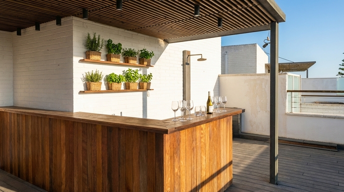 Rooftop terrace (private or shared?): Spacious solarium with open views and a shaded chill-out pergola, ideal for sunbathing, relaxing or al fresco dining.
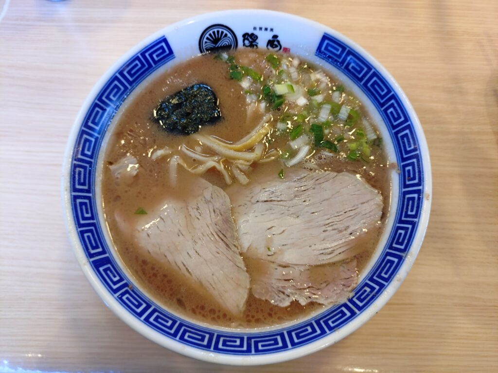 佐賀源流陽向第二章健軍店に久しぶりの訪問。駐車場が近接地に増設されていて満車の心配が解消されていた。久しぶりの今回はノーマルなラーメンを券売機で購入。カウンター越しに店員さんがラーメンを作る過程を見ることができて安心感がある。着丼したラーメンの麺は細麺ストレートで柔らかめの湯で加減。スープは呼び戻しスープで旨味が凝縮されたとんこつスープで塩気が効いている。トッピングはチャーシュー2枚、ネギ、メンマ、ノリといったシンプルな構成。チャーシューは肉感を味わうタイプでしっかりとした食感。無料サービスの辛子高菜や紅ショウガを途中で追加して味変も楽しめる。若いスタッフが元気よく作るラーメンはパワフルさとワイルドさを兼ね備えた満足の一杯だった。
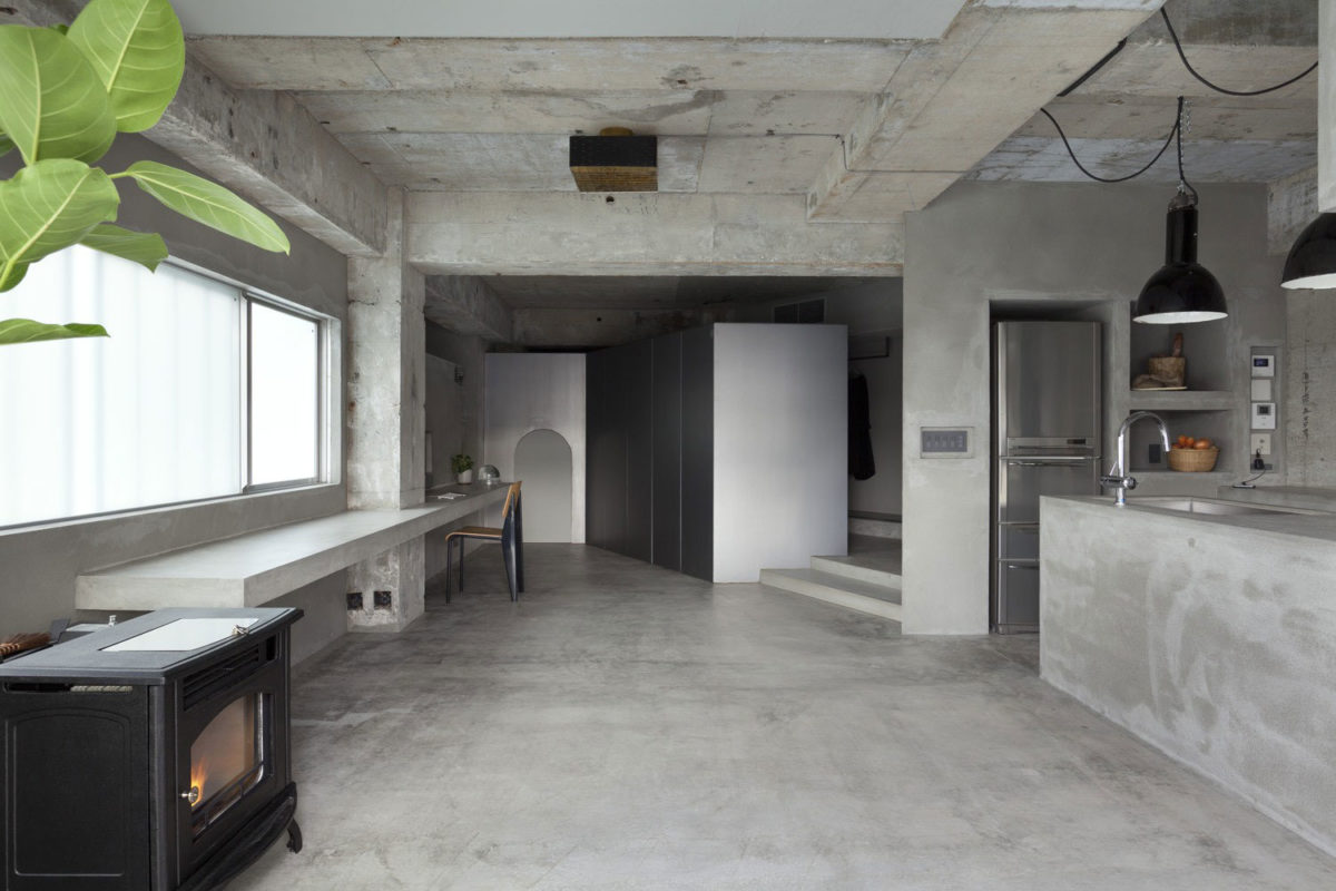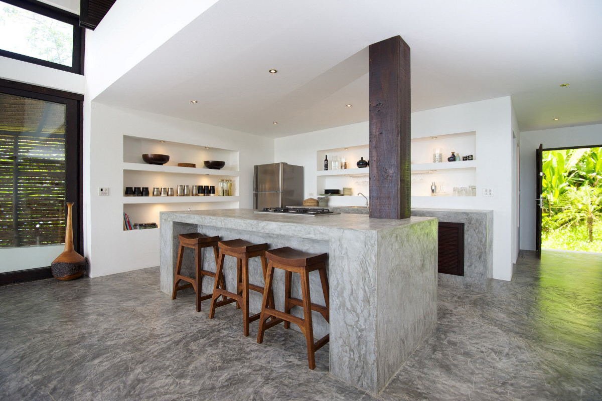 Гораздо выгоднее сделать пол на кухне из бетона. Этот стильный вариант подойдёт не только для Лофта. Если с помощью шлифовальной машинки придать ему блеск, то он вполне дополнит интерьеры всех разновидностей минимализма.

WORK ORDER - Retype all the material word for word while skipping any picture it contains.

SOLUTION TO THE EXERCISE -
 Rooftop terrace (private or shared?): Spacious solarium with open views and a shaded chill-out pergola, ideal for sunbathing, relaxing or al fresco dining.
 佐賀源流陽向第二章健軍店に久しぶりの訪問。駐車場が近接地に増設されていて満車の心配が解消されていた。久しぶりの今回はノーマルなラーメンを券売機で購入。カウンター越しに店員さんがラーメンを作る過程を見ることができて安心感がある。着丼したラーメンの麺は細麺ストレートで柔らかめの湯で加減。スープは呼び戻しスープで旨味が凝縮されたとんこつスープで塩気が効いている。トッピングはチャーシュー2枚、ネギ、メンマ、ノリといったシンプルな構成。チャーシューは肉感を味わうタイプでしっかりとした食感。無料サービスの辛子高菜や紅ショウガを途中で追加して味変も楽しめる。若いスタッフが元気よく作るラーメンはパワフルさとワイルドさを兼ね備えた満足の一杯だった。
 Гораздо выгоднее сделать пол на кухне из бетона. Этот стильный вариант подойдёт не только для Лофта. Если с помощью шлифовальной машинки придать ему блеск, то он вполне дополнит интерьеры всех разновидностей минимализма.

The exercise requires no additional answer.